世界のフィールドバス事情 第24回
ISAでのフィールドバスの標準化
(その21)



(株)エム・システム技研 開発部 主管技師

 
ファンクション ブロックの結合データの状態

 今回は、ファンクション ブロック(以下ブロックと略す)間を結合する入出力データの状態を定義したSP 50の提案について考えてみましょう。
 たとえば、流量制御系をフィールドバスで実現するには、アナログ入力、PID制御、アナログ出力の各ブロックを結合して構成します(図参照)。この方法はDCSによる制御系の構成方式と同じです。ただし、フィールドバスの場合はDCSと異なり、これらのブロックが物理的に異なる機器に埋め込まれ、ブロック間は通信により結合されます。このため、フィールドバスの通信が異常になった場合の対策が必要です。
 SP 50ではブロック間を流れるすべてのデータ(PV、MVなど)に対して、それらのデータと1対1に対応する状態を持たせることを提案しています。
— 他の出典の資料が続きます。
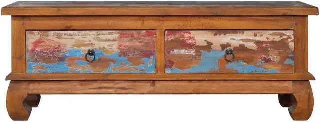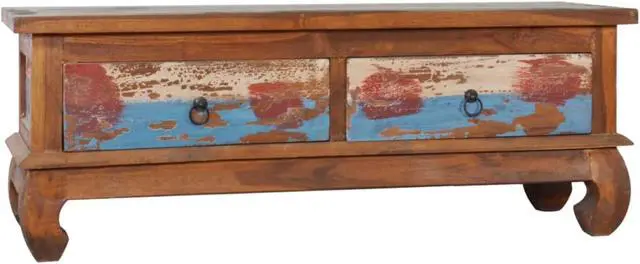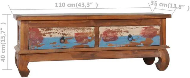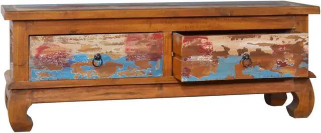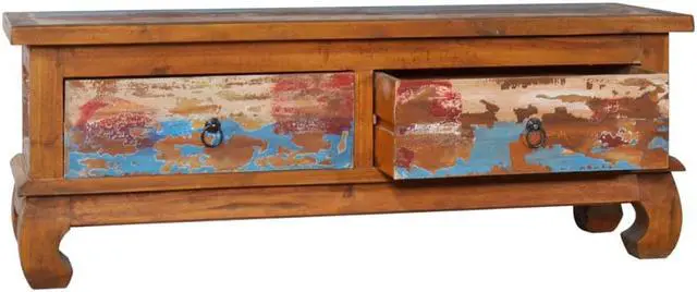 Our colonial-style wooden TV cabinet, featuring a trendy yet practical design, is meant to be a focal point of your room. This rustic TV stand table is constructed of solid teak wood, providing sturdy and durable base support. Natural oil finish ensures a smooth surface and is easy to clean and regular maintenance. The multicolor spots pattern and unique claw-legs design complete the vintage looks. Also, it features 2 smooth running drawers for keeping items like CD and magazines, etc. Teak wood is known for its exceptional strength, making it far more suitable for furniture than any other kind of wood.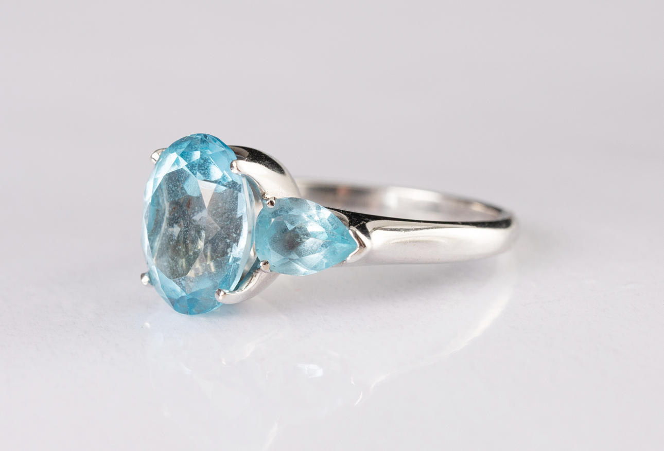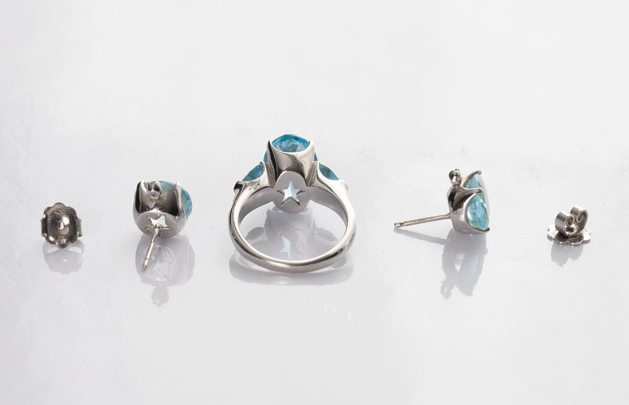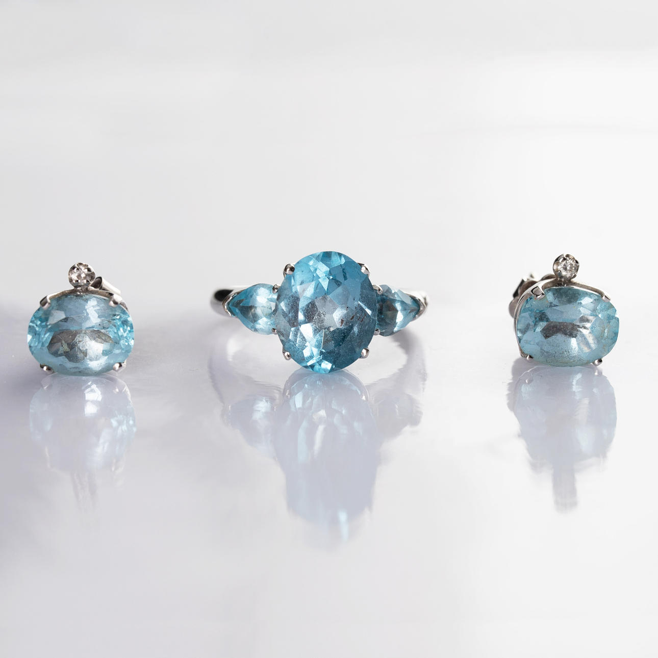 Schmuckset von 'H.Stern' gefertigt aus 750er Gold, bestehend aus 1 Ring besetzt mit 3 Topasen von insgesamt ca. 5.75 ct und 1 Paar Ohrringe besetzt mit 2 Topasen von insgesamt ca. 6.40 ct. Ring und Ohrringe jeweils mit einem Diamant besetzt. Ringgröße ca. 57. Gesamtgewicht ca. 11,5 Gramm.

その状態は複数の成分からなり、通信の状態以外にハードウェアの動作状態なども成分として持ちます。こうして定義した状態をブロック間の情報交換に利用します。また、現場機器のリモート診断にも使用できます。
 SP 50では、状態として次の8つの成分を定義しています。そこでは複数の成分の同時セットもできます。
 (1)No Communication(通信異常)
 物理的に異なる機器からのデータの取込みに際し、通信異常が発生したときにセットされる。
 (2)Bad value(不良値)
 機器に異常があり、それから得られたデータが正しい値かどうか不明であることを示す。
 (3)Not from process(プロセス データではない)
 このデータはプロセスの情報を提供するデータではない。たとえば、制御演算をチェックするために演算の入力値を手動で設定した状態などがこれに相当する。
 (4)Special(特別)
 カスケード接続された下位のブロックの設定値を操作できるRCas(リモート カスケード)モードや制御出力を操作できるROut(リモート アウト)モードの状態で上位側から下位ブロックの操作を試みても、下位ブロック側の事情により操作を受けつけない状態。
 (5)Path to process failed(出力経路フェイル)
 カスケード接続された下位ブロックの制御モードがO/S(機能停止)かLO(出力がローカル オーバライド)の状態にあり、ブロックの操作出力がプロセスに届かない状態。
 (6)No Initialization path(初期化経路なし)
 ブロックの出力値を初期化できない状態。たとえば、ブロックの出力がプロセスに届かない不正なブロック間の結合が定義されている場合がこれに相当する。
 (7)Anti-windup high(出力上限操作停止)
 カスケード接続された下位ブロックの出力が上限リミットに達し、これ以上は出力を操作できない状態。制御を継続すると出力はワインドアップする。
 この状態はブロックでの制御動作のワインドアップを防止するために使用できる。
 (8)Anti-windup low(出力下限操作停止)
 カスケード接続された下位ブロックの出力が下限リミットに達し、これ以下は操作出力を操作できない状態。